I negozi di abbigliamento di Amazon
Ogni settimana Amazon ci regala una novità interessante, abbiamo già parlato in passato di alcuni test che sta facendo con i negozi fisici: Amazon Go, i negozi senza cassa, i saloni di parrucchiere by Amazon a Londra.
L’ultimissima novità è Amazon Style. Il colosso dell’e-commerce si prepara ad aprire un fashion store a Glendale, Los Angeles, entro la fine dell’anno.
Al momento, Amazon non ha fornito ulteriori dettagli sulle label che comporranno l’offerta. Si è limitato ad annunciare che il negozio sarà caratterizzato da un mix di marchi noti ed emergenti.
L’offerta dei capi va da abbigliamento basic a 10 dollari (poco meno di 9 euro), a jeans firmati e senza tempo a 400 dollari.
All’interno dello store ci saranno le tecnologie più innovative: grazie agli algoritmi, gli acquirenti riceveranno consigli personalizzati inviati ai loro telefoni mentre navigano nel nuovo negozio Amazon Style. Nei camerini ci saranno display touchscreen che gli acquirenti potranno utilizzare per valutare gli articoli, richiedere stili o taglie diversi che arriveranno da loro in tempo reale.
I clienti non dovranno rivolgersi ai commessi per conoscere la disponibilità di taglie e colori di un capo, ma potranno ricevere queste informazioni scansionando il QR code associato ai vari prodotti.
Fonti cnbc.com | pambianconews.com
Accordo FS e TIM
Il Gruppo Ferrovie dello Stato Italiane e Tim hanno firmato un accordo per il potenziamento degli impianti di copertura mobile 4G delle gallerie lungo le linee Alta Velocità, da Torino a Venezia, da Napoli a Bologna.

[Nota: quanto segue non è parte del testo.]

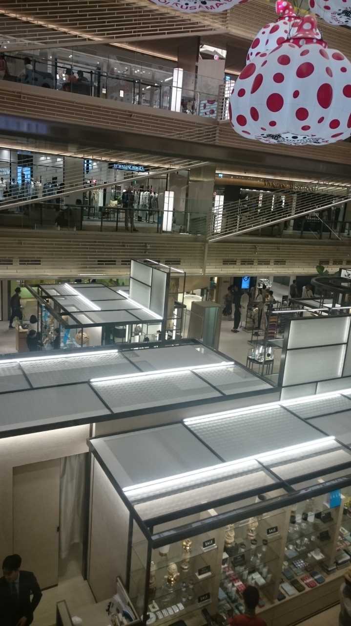 デパートが消えたのはとてもさびしいですが、店内の様子を見て時代はやはりこの方がいいのかなと感じました。広い空間を取った吹き抜けの周りのセンスのよい店が並ぶ。もう何年も昔ハワイや香港で見てビックリしたようなショッピングセンターと同じものが今日本にもどんどん増えている。こちらの地下には能楽堂も備えられている。同じく地下には食品街もあるがこれもまたデパ地下とは違う作りになっている。生鮮食料品などはないのかちょっと寂しいですが興味をそそられるものは沢山あります。
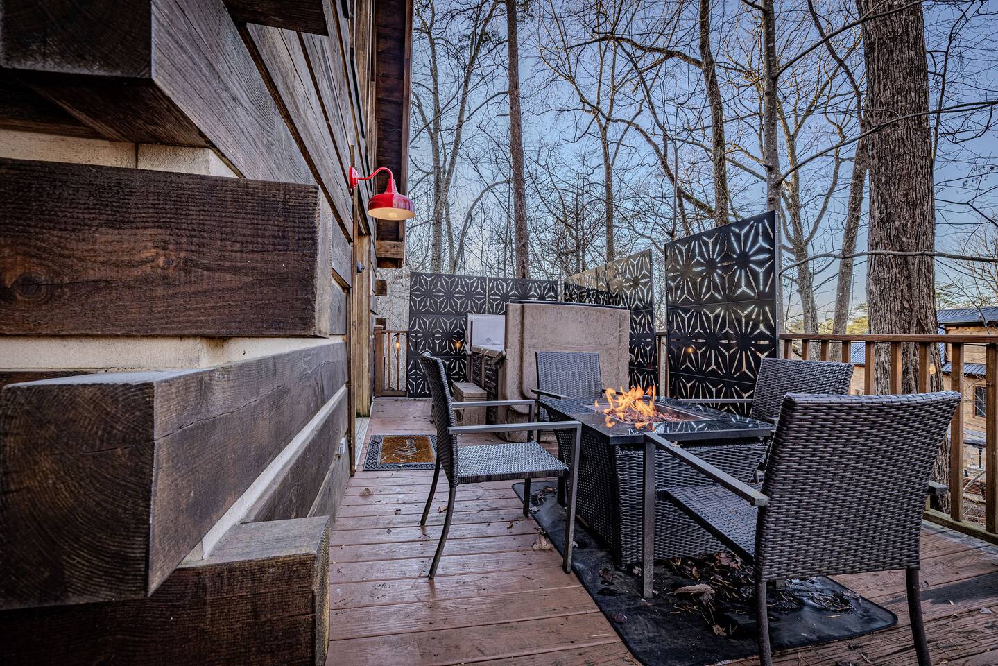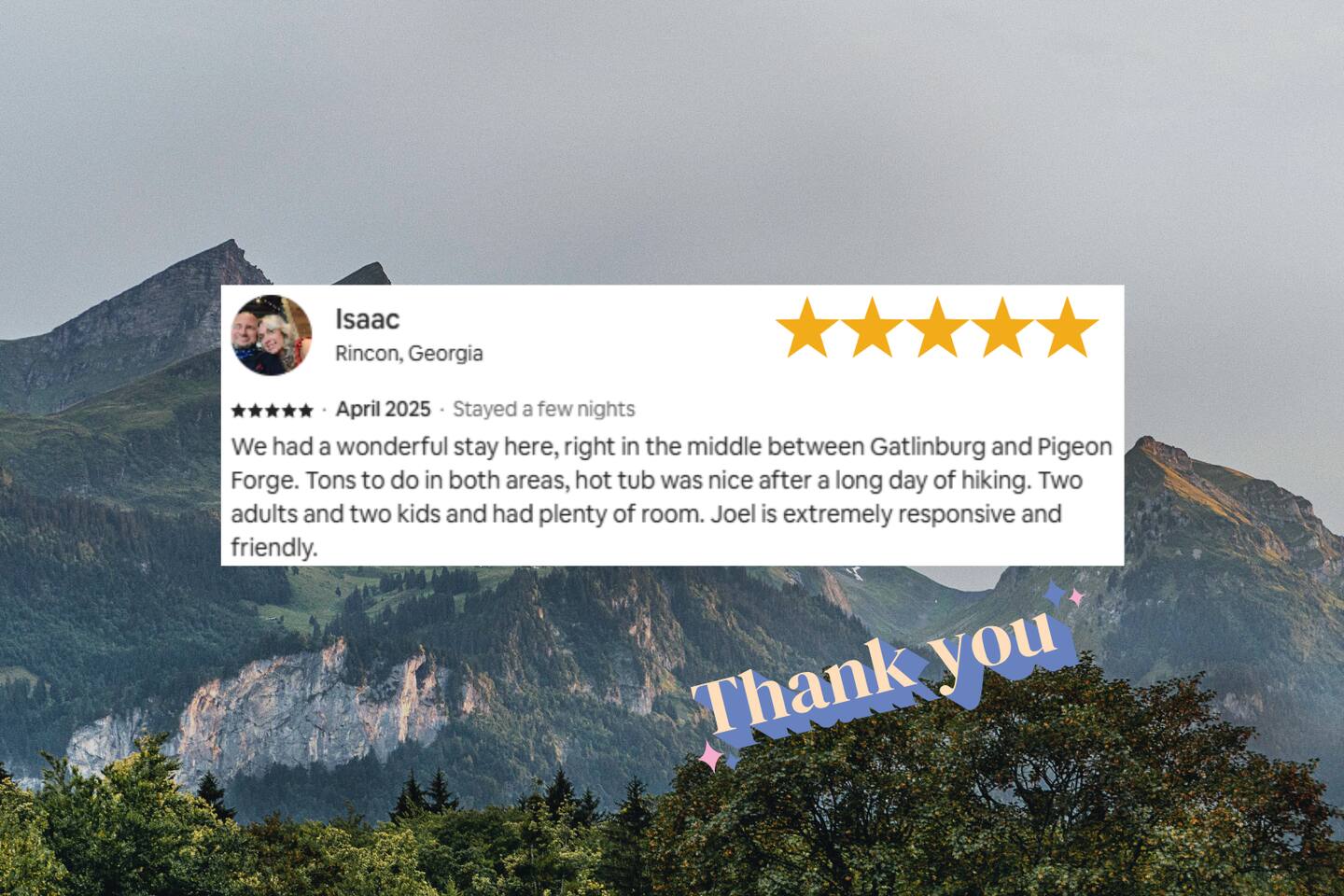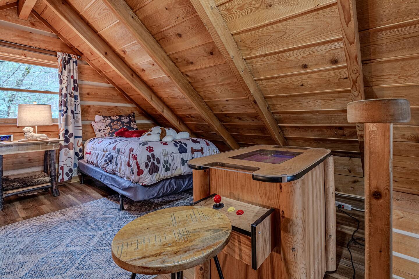 Why should you choose Whiskey Ridge ? 1. This cabin is 100% updated from the floors to the kitchen counters. 2. We have a brand new dog house for your pet to enjoy. Bring up to 2 dogs with you! (Be sure to include them in the guest count) 3. The location is amazing. We can be found right in between Pigeon Forge and Gatlinburg. Very close to both. 4. We provide custom videos on how to use the hot tub and all components of the home. 5. We pride ourselves with excellent customer service, resulting in over 165 5 star reviews from past guests. âď¸Pets are welcomeâď¸ KEY FEATURES: â High speed Wi-Fi (350+ Mbps) â 2 Bedrooms (1 King and 2 Twin in loft) â Arcade, board games, movies in Loft â 3 Smart Roku TVs (1 with cable - Livingroom) â Private deck + hot tub + gas fire pit + ring/hook game + patio lights + privacy screens â Fully equipped + stocked kitchen with stainless steel appliances + New retro fridge â Walk to neighborhood fishing ponds. â 1,100 sqr/ft Here Are A Few Kind Words From Our Past Guests: âWe had an amazing stay in July. We couldnât have asked for a better place. The location was great. We were close to everything but not too close. My kids and I very much enjoyed the hot tub especially after coming home from a day of hiking. The beds were very comfortable and we all slept very well. We also had a lot of fun play the ring/hook game on the front porch in the mornings. Joel was very helpful and always checked in to see if we needed anything. We were very happy with our stay. Thank you!â - Amanda âGreat cabin at a good location. Felt safe and clean. The host was very generous and made sure everything was perfect for us. Would definitely stay again the next time we come out to Dollywood!â - Abram âThis place is awesome! Everything was exactly as described and the location was perfect for us to visit Smoky Mountains National Park and the nearby towns (Gatlinburg & Pigeon Forge). Communication with Joel was great and he was very quick to respond every time. Everyone especially loved the hot tub!â - Isabelia âDonât hesitate, book it!! This place is amazing! Great location, great, luxurious cabin, has all the right (and cute) touches, things (video game console, board game cabinet, hot tub, fire pit, full kitchen thatâs well equipped with plates, cookware, dishwasher)âŚThereâs nothing missing and itâs adorable and bigger than it looks in the pics. Joelâs a great communicator!â - Cassa Excellent WIFI throughout. The cabin is semi-private. You can see other cabins from the deck, but the trees do give you a good amount of privacy.. ââ BEDROOMS ââ Comfort is second nature to this updated cabin with two tastefully furnished bedrooms. As each bedroom has a personal TV and upgraded beds. The first bedroom is situated on the main level, boasting a king-size bed. The second bedroom is located in the loft and accommodates two guests with two twin beds. ââ BATHROOM ââ The spa-like full bathroom is located on the main floor for your privacy and convenience. It a has a hotel-like feel, with a combination bath and shower and upgraded vanity. The bathroom is stocked with towels, hair dryer and hand soap. ââ KITCHEN ââ The main floor of the house is an open floor plan with a fully equipped kitchen that has all the tools you need to prepare delicious home-cooked meals. This includes coffee makers, a crock pot, blender, oven, cooktop, microwave, dishwasher, refrigerator, pots/pans, strainer, dishes, glasses, utensils and everything you need to make your next meal. Reheat leftovers on lazy days, brew fresh coffee as often as you need it, and let nature envelop your senses as you admire the forest surrounding this extraordinary home through the many large windows. The eat-in kitchen has a locally made whiskey barrel table for you to enjoy ââ LIVING ROOM ââ The living room is around the corner from the kitchen and is the perfect place to kick back and relax with the whole family. The comfortable sofa, reclining chairs, gas fireplace and flat screen TV make movie nights extra cozy. Watch your favorite TV shows on upgraded cable. Snuggle up with a good book and enjoy the quiet mountain ambiance on chilly evenings. ââ GAME AREA ââ When you're not shopping in Gatlinburg, or watching a family movie at home, chances are you'll be spending time in the lofted game area. This welcoming space is complete with arcade games, and board games to enjoy at your leisure. ââ OUTSIDE SPACE ââ The wrap-around deck blurs the lines between indoor and outdoor living while offering unobstructed views of the forest. Early risers can enjoy their coffee on the metal glider and look for wildlife, and night owls can come out here with a glass of wine or enjoy the bubbling hot tub. Many of our guests enjoy smores on the fire pit and our hook game on the front porch. Yellow string lights hang over the deck and provide a warm glow after sunset, adding to the beauty of the cabinâs location. - Be aware that bears are in the area. Please use caution when cooking outside and donât leave food unattended. â â Book Today & Let Us Take Care Of You In Sevierville! ââ Guest Access: Guests of Whiskey Ridge have access to the private hot tub and all other amenities inside the 1,100 sq ft, well-equipped cabin. There are TVs, all of which have either Cable TV or access to Roku to stream. The WIFI is incredibly fast. You will receive a door code 48hrs prior to arrival for self-check-in. Ample parking space is available in the cabinâs driveway. Please take note that bears are frequently seen in the area and require that you exercise caution. 4WD/AWD is recommended if there are winter conditions. *Fireplace is available October through March*
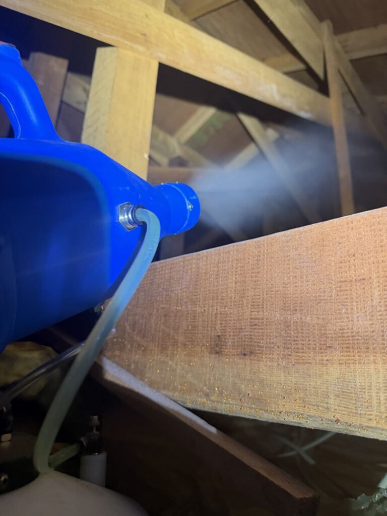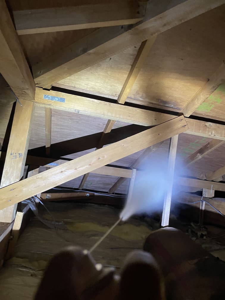 - ①燻煙剤を天井裏や床下に投入し、建物内に潜んでいるイタチを外部へ追い出します。
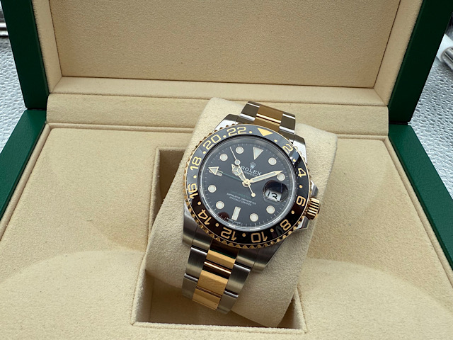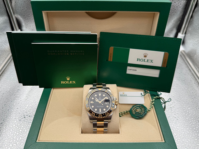 ROLEX 勞力士 GMT-Master II 格林威治型 116713LN 蠔式 格林威治型 116713 LN 綠色兩地時區指針 陶瓷錶圈 18K黃金 半金款 2018年 |
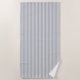 This beach towel is shown in a grey and white stripes design.
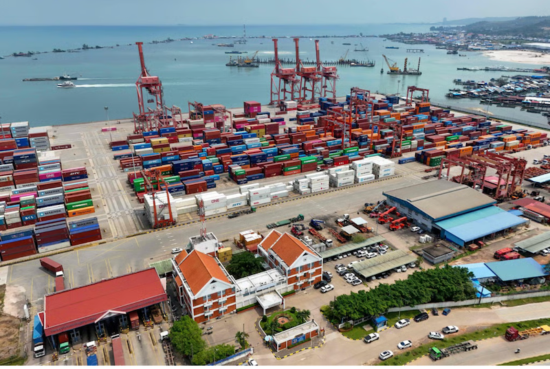 Các container vận chuyển tại một cảng ở Sihanoukville, Campuchia, vào đầu năm 2025. Ảnh: AFP

Nell’ambito delle iniziative legate al Pnrr, inoltre, è previsto l’avvio di studi di fattibilità relativi al possibile utilizzo di tecnologie 5G.
L’obiettivo è realizzare una connettività sempre più affidabile a bordo dei treni ad alta velocità per offrire ai passeggeri una connessione stabile e di alta qualità anche nelle aree più sfavorevoli come le gallerie ferroviarie.
Già a partire dal 2022 verranno avviati i lavori di potenziamento degli impianti gallerie, sulle tratte alta velocità tra Torino, Milano, Bologna e Firenze, per poi proseguire nel corso del 2023, da Firenze fino a Napoli e da Bologna a Venezia.
Il progetto prevede un investimento di circa 12 milioni di euro, condiviso tra RFI, la società del Gruppo FS che gestisce l’infrastruttura ferroviaria nazionale, e gli operatori tlc aderenti.
Fonti quotidiano.net | repubblica.it | fsnews.it
Apple marchio numero 1 al mondo
Grazie un aumento del 35% a quota 355,1 miliardi, Apple resta il marchio numero uno al mondo.
Triplica il suo valore nell’ultimo anno e raggiunge, da nuovo entrante, il 18esimo posto tra i primi 500 marchi di maggior valore al mondo. Stiamo parlando di TikTok che guadagna il titolo di marchio in più rapida crescita da 19 miliardi a 59 miliardi di dollari (+215%).
Sono cresciute molto anche le piattaforme streaming come Disney che aumenta il valore del marchio dell’11% raggiungendo i 57 miliardi.
A seguire:
- Netflix +18% con un valore di 29,4 miliardi;
- YouTube +38% con un valore di 23,9 miliardi;
- Spotify +13%, il marchio vale 6,3 miliardi.
Diversamente, i marchi dei media tradizionali sono stati tra i più colpiti dalla pandemia.
Warner Bros è tra i brand in più rapida caduta nella classifica di quest’anno con valore del marchio in calo del 33% a 6,8 miliardi e questa tendenza è ancora più evidente se si confronta quest’anno con le valutazioni pre-pandemia.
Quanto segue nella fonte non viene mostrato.